We'll use the LazyLLM framework to build a conversational RAG system that can handle multi-turn conversations effectively.
In this section, you will learn the following key points about LazyLLM:
- How to load and manage documents with embeddings using [Document]
- How to use [Retriever] to retrieve relevant documents based on similarity
- How to use [Reranker] to re-rank retrieved documents for improved relevance
- How to combine [ReactAgent] to create an agent capable of multiple retrieval iterations
Design Approach
Our multi-turn conversational RAG system is built on the core idea of context-aware query rewriting, which transforms history-dependent user questions into standalone, retrievable queries.
The process begins by leveraging the most recent dialogue turns to prompt an LLM to rewrite the current user question into a self-contained form. This rewritten query is then used to perform hybrid retrieval, combining dense vector search (via embeddings) and sparse lexical matching (BM25) in parallel to recall relevant document chunks. A cross-encoder-based re-ranker subsequently refines the retrieved results to surface the most pertinent passages.
Finally, the rewritten query, top-ranked context, and trimmed dialogue history are jointly fed into an LLM to generate a coherent and grounded response.

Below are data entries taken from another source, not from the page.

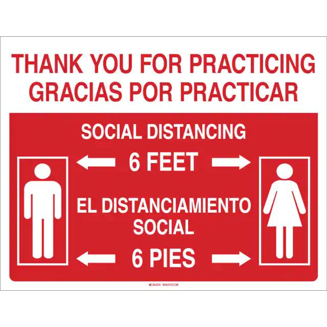 This is manufactured by Brady Corporation. The manufacturer part number is 170323. Label with a size of 10.00" l x 7.00" w (254.0mm x 177.8mm). The product is not applicable. It is assigned with possible HTSUS value of 3926.90.9985. It is shipped in bulk. It has a classic red legend, white background colour. The product b-401, is a highly preferred choice for users. The product is made from highly stable and reliable plastic. Its typical moisture sensitivity level is not applicable. A bespoke label is a thank you for practicing. gracias por practicar. social distancing. 6 feet. el distanciamiento social. 6 pies. label. The product is suitable for use with notice. The product is designated with the ear99 code number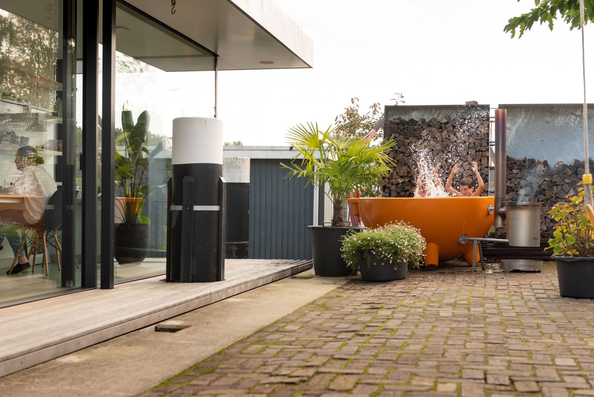 The Weltevree Dutchtub Original redefines outdoor soaking with its natural wood-fired heating system. It uses a stainless steel coil to warm water without electricity. This lightweight yet durable hot tub fits up to four adults. Whether set beside a garden or near an outdoor dining table, the Dutchtub Original adds modern outdoor patio furniture charm and cozy comfort to any space.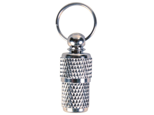 Adresierul din metal rezistent este usor de atasat la zgarda animalului de companie. Partea superioara al adresierului poate fi desurubata si se introduce o bucata mica de hartie cu detaliile de contact al proprietarului.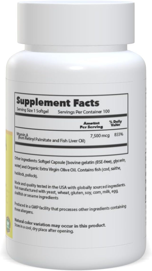 High Potency Vitamin A Softgels - 25000 IU, 100 Count by Halo Trove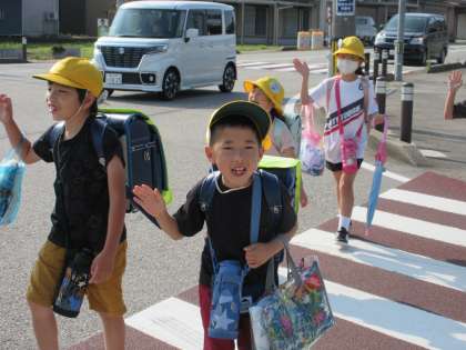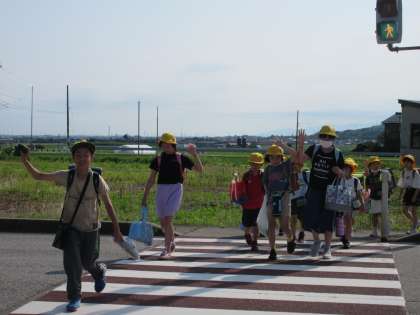 今日は、下学年、上学年に分かれて、古沢小学校に出かけます。プールセットをもった子供たちはとてもうれしそうです。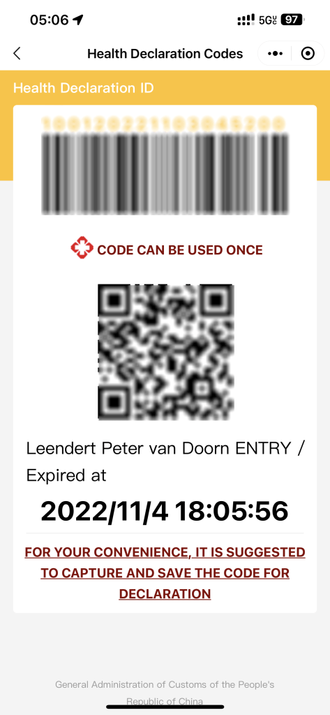 Apart from the health code, you also need a customs QR code. That is different from the last time. Previously I had to fill out many on-line forms when I arrived in Shanghai, this time I just had to show my QR code. Getting the customs QR code is easy, in WeChat (you need that for anything in China) search for “China customs” and install that app. Fill out the health declaration form, take a screen shot of the QR code, and fill out the consent form for sampling. That’s all, with this QR code I was out of the airport within 25 minutes and that included taking a COVID sample and passport control.

The entire pipeline is implemented using LazyLLM, with explicit management of dialogue history (length-constrained to prevent context overload). Tool functions—such as query rewriting, hybrid retrieval, and re-ranking—are encapsulated via fc_register to enable seamless integration into a ReAct Agent for dynamic tool orchestration. A web interface serves as the user-facing entry point, delivering an end-to-end multi-turn conversational QA experience.

Setup
Dependencies
import os
import tempfile
from typing import List, Dict, Any
import lazyllm
from lazyllm import pipeline, parallel, bind, fc_register
from lazyllm import Document, Retriever, Reranker, SentenceSplitter, OnlineEmbeddingModule
Chains
A key challenge for conversational RAG is that the user messages and the LLM's responses aren't the only forms of context. User messages can reference previous portions of the conversation, making them challenging to understand in isolation.

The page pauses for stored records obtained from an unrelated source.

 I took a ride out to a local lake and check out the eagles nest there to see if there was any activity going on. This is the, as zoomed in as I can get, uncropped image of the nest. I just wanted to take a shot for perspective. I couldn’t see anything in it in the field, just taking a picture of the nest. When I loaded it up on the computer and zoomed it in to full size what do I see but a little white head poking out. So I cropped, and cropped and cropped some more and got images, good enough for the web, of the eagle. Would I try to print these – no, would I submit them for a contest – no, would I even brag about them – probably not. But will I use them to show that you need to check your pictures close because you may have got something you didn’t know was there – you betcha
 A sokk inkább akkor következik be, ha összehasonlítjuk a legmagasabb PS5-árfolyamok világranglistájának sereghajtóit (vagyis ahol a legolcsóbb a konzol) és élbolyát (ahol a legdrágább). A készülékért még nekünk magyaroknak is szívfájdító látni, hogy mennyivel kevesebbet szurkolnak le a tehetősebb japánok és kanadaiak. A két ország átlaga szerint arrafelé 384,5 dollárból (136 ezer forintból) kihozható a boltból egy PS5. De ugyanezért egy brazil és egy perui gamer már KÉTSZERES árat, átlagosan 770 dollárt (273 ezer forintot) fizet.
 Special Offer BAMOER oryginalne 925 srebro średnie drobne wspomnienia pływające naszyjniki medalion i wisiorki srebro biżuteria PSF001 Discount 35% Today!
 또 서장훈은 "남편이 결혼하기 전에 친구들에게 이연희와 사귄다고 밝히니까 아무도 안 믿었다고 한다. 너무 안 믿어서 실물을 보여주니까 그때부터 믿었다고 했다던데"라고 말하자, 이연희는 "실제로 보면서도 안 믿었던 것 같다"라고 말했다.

For example, the second question below depends on context from the first:
Human: What is the standard method for task decomposition?
AI: The standard method for task decomposition is Chain of Thought (CoT) prompting...
Human: What are the common extensions of this method?
The second question "What are the common extensions of this method?" is ambiguous without the context of the first question. Our system needs to understand that "this method" refers to "Chain of Thought prompting".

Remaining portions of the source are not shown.